- TASK BRIEF -
Print the lines that start the entries and continue through the one holding "Red de pesca", please, exactly and with the pictures omitted.

-------- THE RECORDS --------

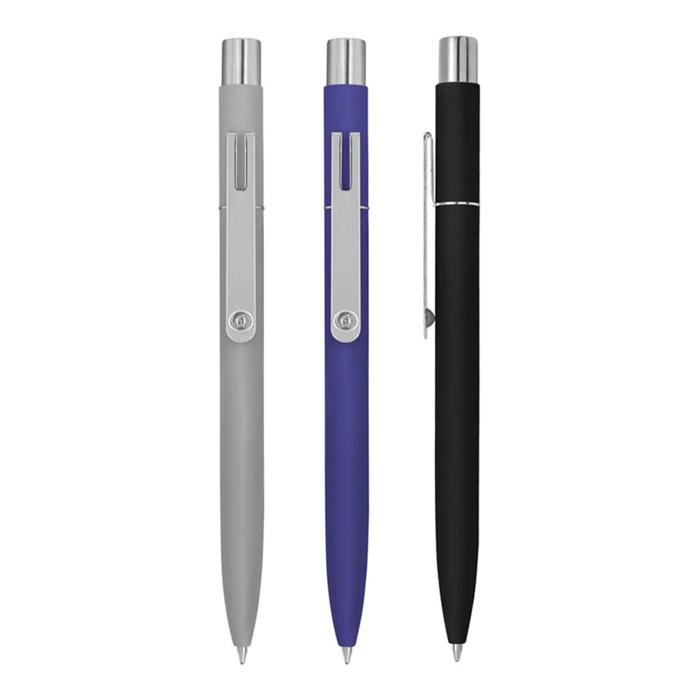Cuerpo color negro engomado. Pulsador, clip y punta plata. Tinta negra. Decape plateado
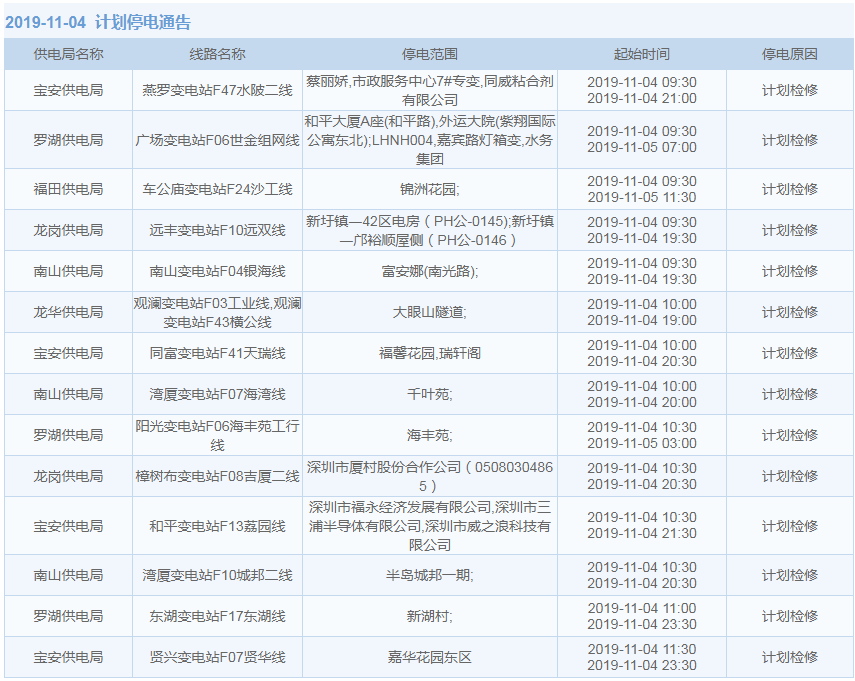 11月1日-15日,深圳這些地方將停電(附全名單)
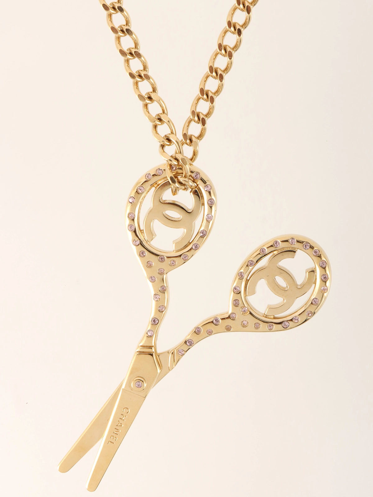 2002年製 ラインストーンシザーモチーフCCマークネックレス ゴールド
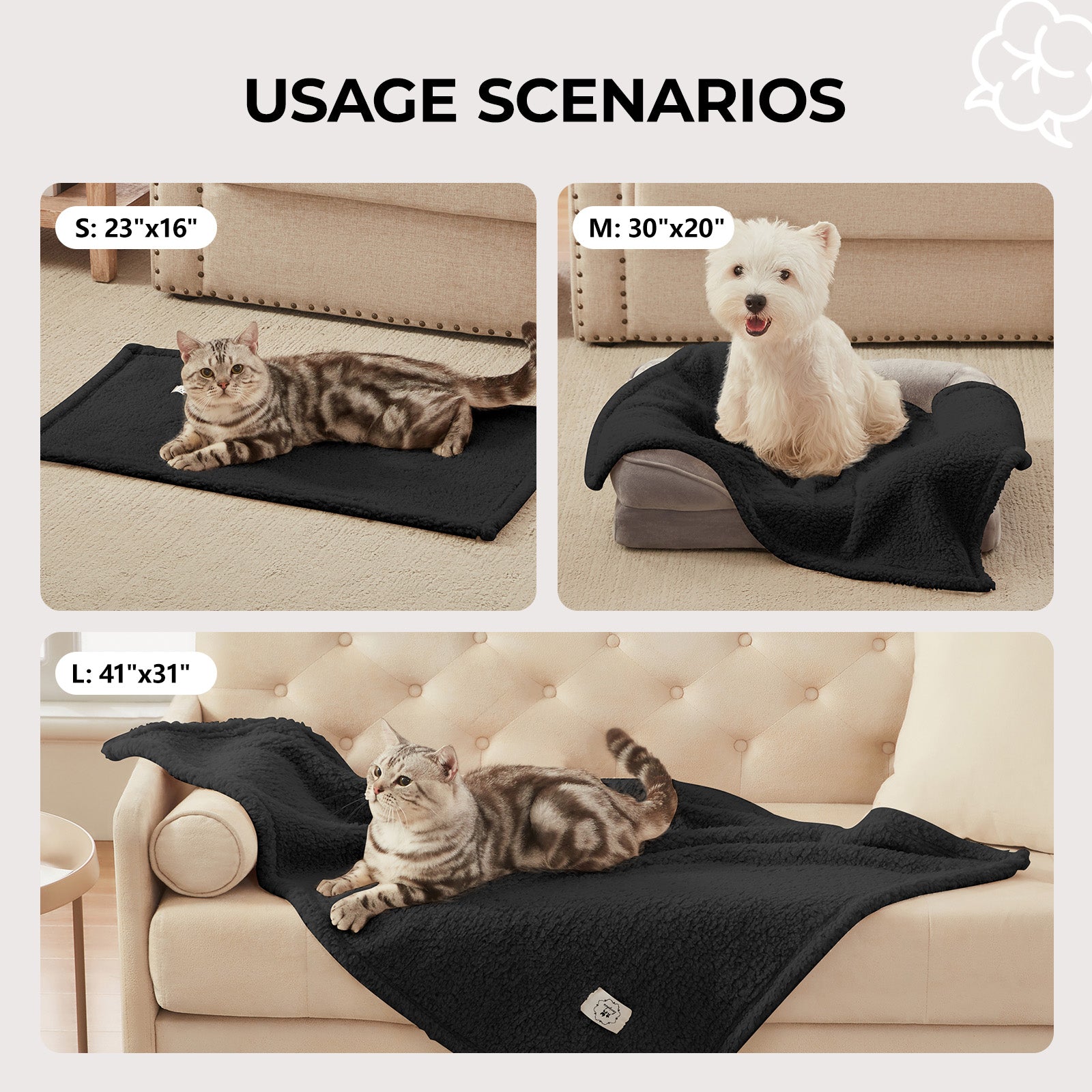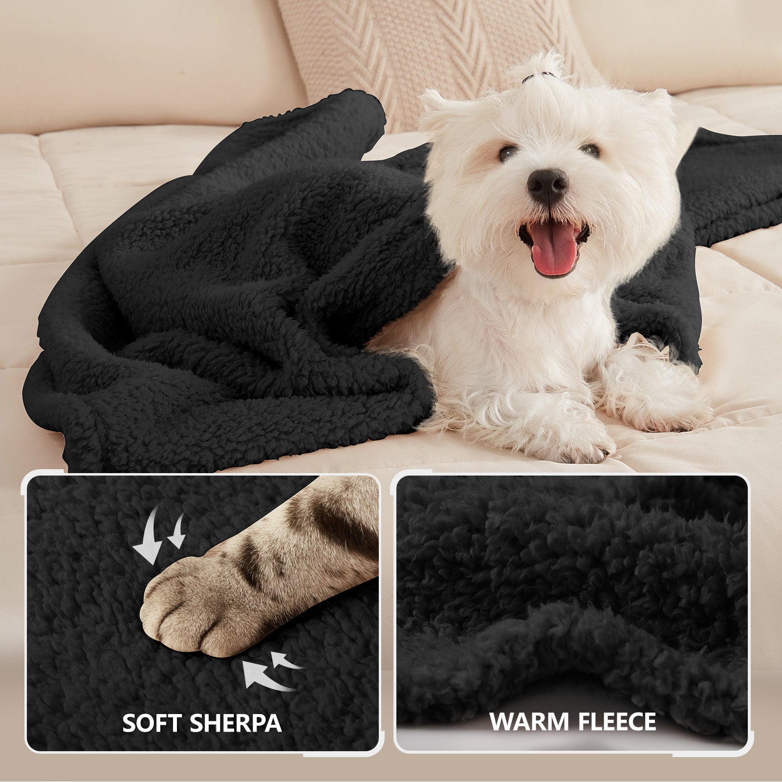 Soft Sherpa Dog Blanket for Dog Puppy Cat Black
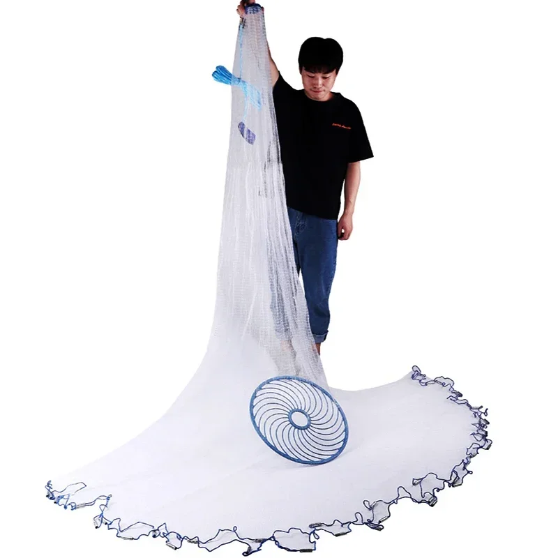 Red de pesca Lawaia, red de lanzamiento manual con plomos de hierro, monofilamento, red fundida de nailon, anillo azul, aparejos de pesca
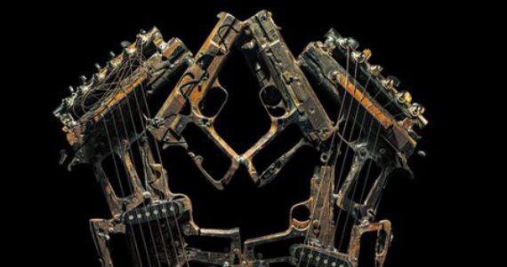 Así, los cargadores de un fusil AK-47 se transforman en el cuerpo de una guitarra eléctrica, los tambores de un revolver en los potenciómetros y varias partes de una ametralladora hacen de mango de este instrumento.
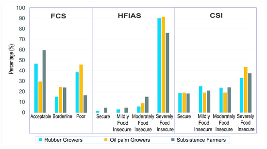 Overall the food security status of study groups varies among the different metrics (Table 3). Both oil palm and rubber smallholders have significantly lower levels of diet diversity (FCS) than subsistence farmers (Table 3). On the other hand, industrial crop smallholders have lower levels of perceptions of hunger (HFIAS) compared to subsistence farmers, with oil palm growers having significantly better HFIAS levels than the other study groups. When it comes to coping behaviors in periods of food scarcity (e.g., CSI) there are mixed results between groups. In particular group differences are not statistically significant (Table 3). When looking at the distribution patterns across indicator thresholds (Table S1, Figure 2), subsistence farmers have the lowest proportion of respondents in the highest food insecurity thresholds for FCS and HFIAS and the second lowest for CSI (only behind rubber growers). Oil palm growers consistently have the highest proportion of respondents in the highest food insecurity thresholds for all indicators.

--------

- SOLUTION FOR THIS EXERCISE -
Cuerpo color negro engomado. Pulsador, clip y punta plata. Tinta negra. Decape plateado
 11月1日-15日,深圳這些地方將停電(附全名單)
 2002年製 ラインストーンシザーモチーフCCマークネックレス ゴールド
 Soft Sherpa Dog Blanket for Dog Puppy Cat Black
 Red de pesca Lawaia, red de lanzamiento manual con plomos de hierro, monofilamento, red fundida de nailon, anillo azul, aparejos de pesca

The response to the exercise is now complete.